Each data structure type must at least contain the fields that are necessary for it to store all of its data, e.g. Dense must have at least a double complex * pointer (or Cython memoryview) and information on the shape of the matrix, and CSR must have at least data: double complex *, indices: Py_ssize_t * and indptr: Py_ssize_t * pointers and its shape 2-tuple (Py_ssize_t, Py_ssize_t). If they have only these, they are “light”, i.e. they have very few methods attached to them, and we get behaviour from them by calling external functions.

The alternative is a “heavy” data structure, where all of its methods are attached to it.

Points to consider:

Heavy is “more Pythonic”, with behaviour attached to a particular class.
In the heavy model in C, how does somebody access CSR * Dense? Which class is it attached to, and how do we know what the type of the output is?
What is in charge of dispatch in the heavy model in C? How do we keep that type-safe?
In the light model, how do we access mathematical behaviour from Python? Do we have to make a Python wrapper class around every type and fill in every function? How is dispatch done in this model?
In either model, what is the C type of the output of any of these functions? If all types are instances of a parent class, how do we register specialised methods?

Data instantiation and ownership

Last, and most low-level, how do we manage data storage and ownership? For C speed and simplicity reasons, it’s probably preferable to store everything at C level behind a pointer owned by the data structure. We probably don’t want to allocate numpy arrays for every operation at C level, considering we’re just going to be iterating over contiguous regions of memory anyway and that is unnecessary overhead. Also, it adds further boiler-plate to every function operating on the arrays at C level, because they always first have to unwrap the data down to a raw pointer in order to do anything.

If we do back everything with numpy arrays, then ownership is easy because numpy and Python’s GC take care of everything for us.

If not, the ownership semantics at C level are simple—all data structures own their own data and will free that data once they go out of scope. On instantiation from C code, they take ownership of the memory they’re pointed to, and will free it when Python deallocates them using Cython __dealloc__. On instantiation from Python code, they take ownership of their data if copy=False and create a copy that they own if copy=True.

However, in order for other parts of the library to specify specialisations over certain data structures from Python space, we should expose the underlying data components as numpy arrays when requested.
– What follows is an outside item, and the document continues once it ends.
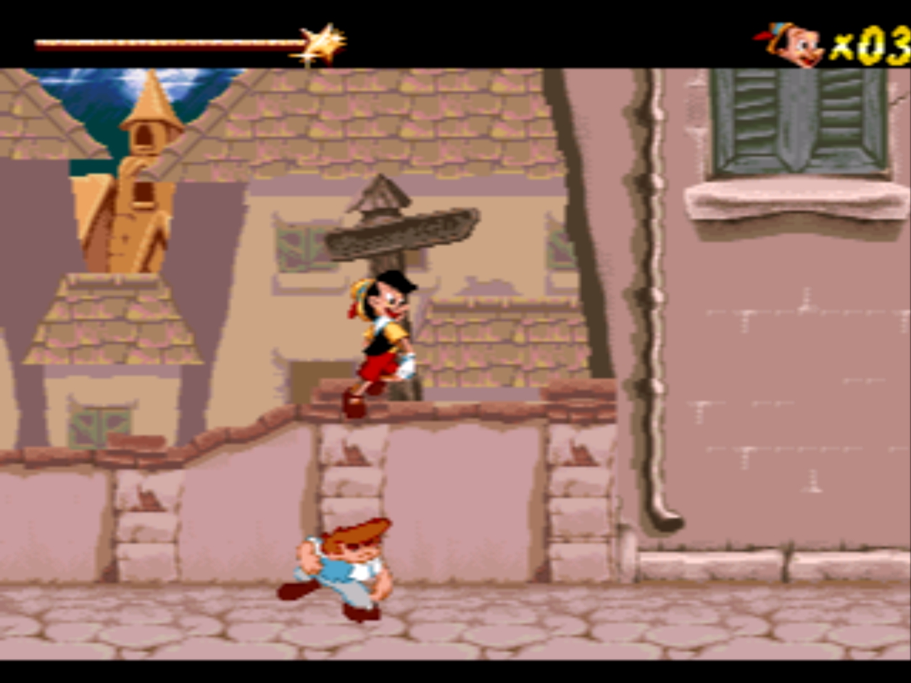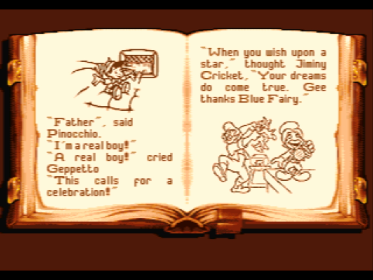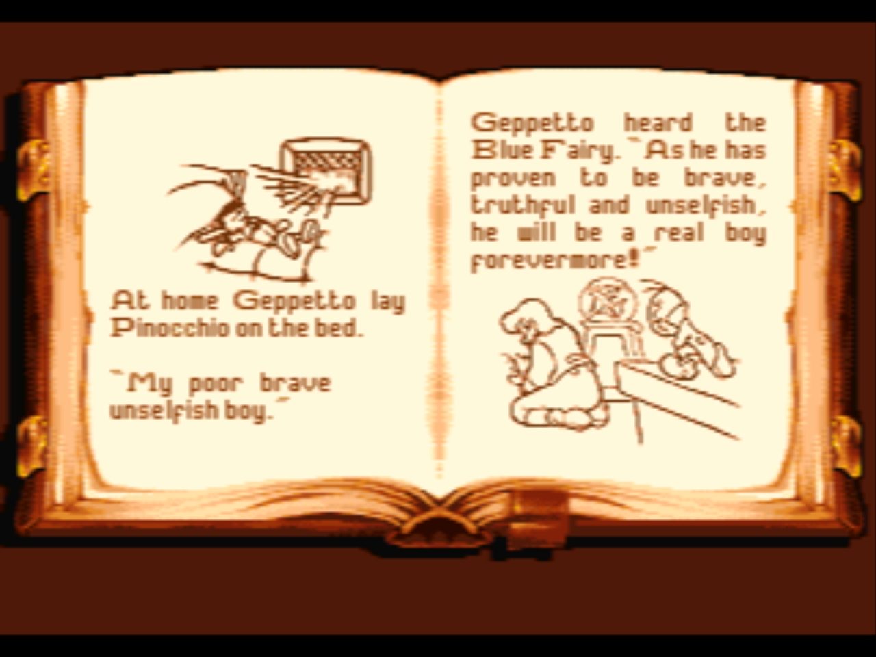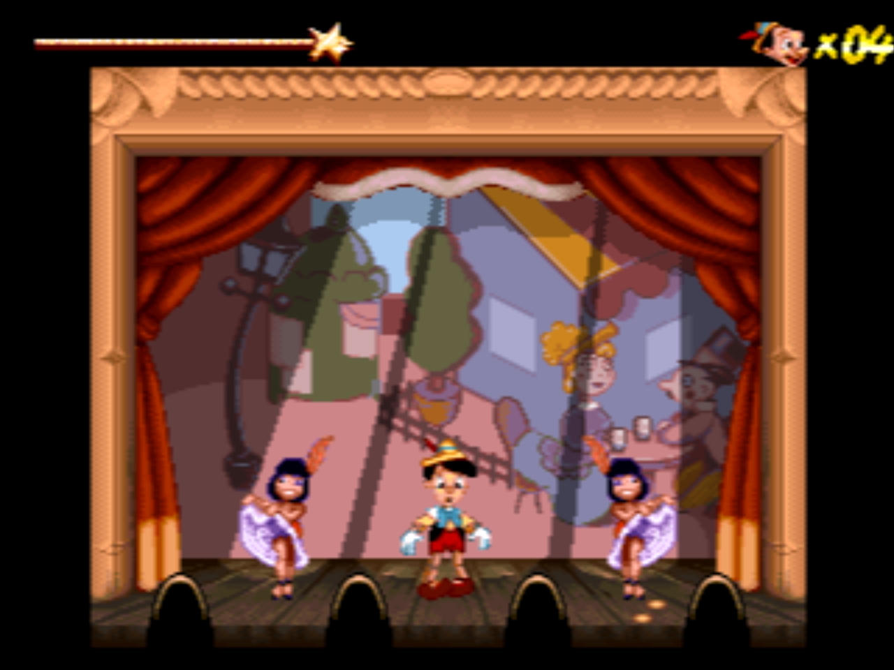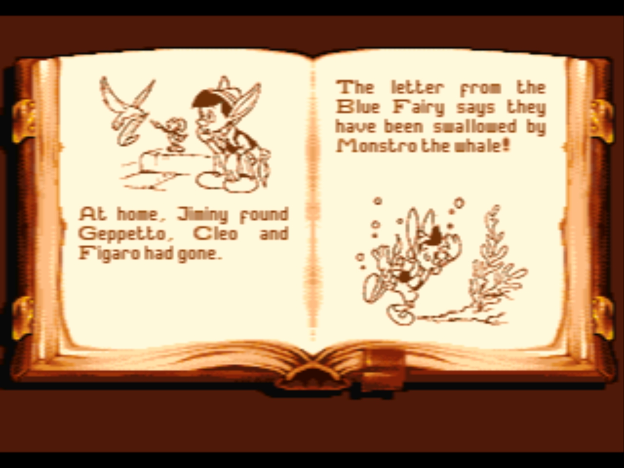 Сюжет игры основан на мультфильме 1940 года, от студии Walt Disney. Игра повествует о похождениях мальчика, сделанного из дерева мастером Геппетто. Игра очень короткая, но наполнена разнообразными уровнями, от обычного платформера, до: танцев в QTE, поездок на вагонетках, плаванием под водой и сражениях с боссами. Сюжет пересказывается в виде книги, страницы которой перелистываются каждый уровень.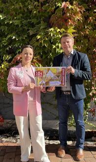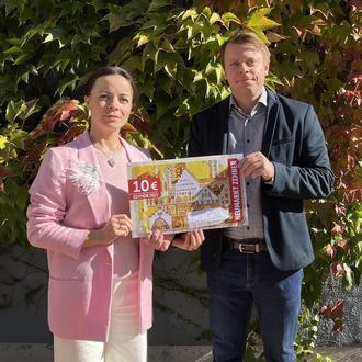 Die Künstlerin Olga Borovska und City-Manager Christian Eisner stellen die Jahresedition 2025 des Neumarkt Zehners vor.

If everything is backed by numpy in C code, then it’s already solved, but if not, then ownership now is perhaps non-trivial: if the returned numpy array is a view onto the internal pointer, then what if our data structure gets deallocated before the numpy array does? Should someone in Python be allowed to mutate our data array from under our feet?

Two possible methods are probably both fine here:

exposed numpy arrays are non-writeable views onto our data. __dealloc__ is modified to transfer data ownership to the created numpy array on structure deallocation, as we can be certain that the numpy array will always out-live us as long as we maintain a reference to it after creation (i.e. we use a strongref cache not a weakref one), and then we gain numpy/Python GC semantics. We set the non-writeable flag on the created numpy array to prevent someone in Python screwing with us in C code (or I suppose we could allow it so people can specialise in-place operations?).
exposed numpy arrays are writeable copies of our data. We copy our data into a new numpy array every time Python requests a C-backed data attribute. We don’t have to worry about any ownership considerations at all, but in-place operations in Python become impossible and there’s a copy penalty every time Python accesses a data attribute on us.

I would tend towards method 1, and having written this, I suspect that my concerns about keeping the numpy arrays immutable are unfounded—we can allow them to be modified in-place. CQobjEvo and such like will by default make copies of passed data structures, mediated by some sort of own initialisation parameter.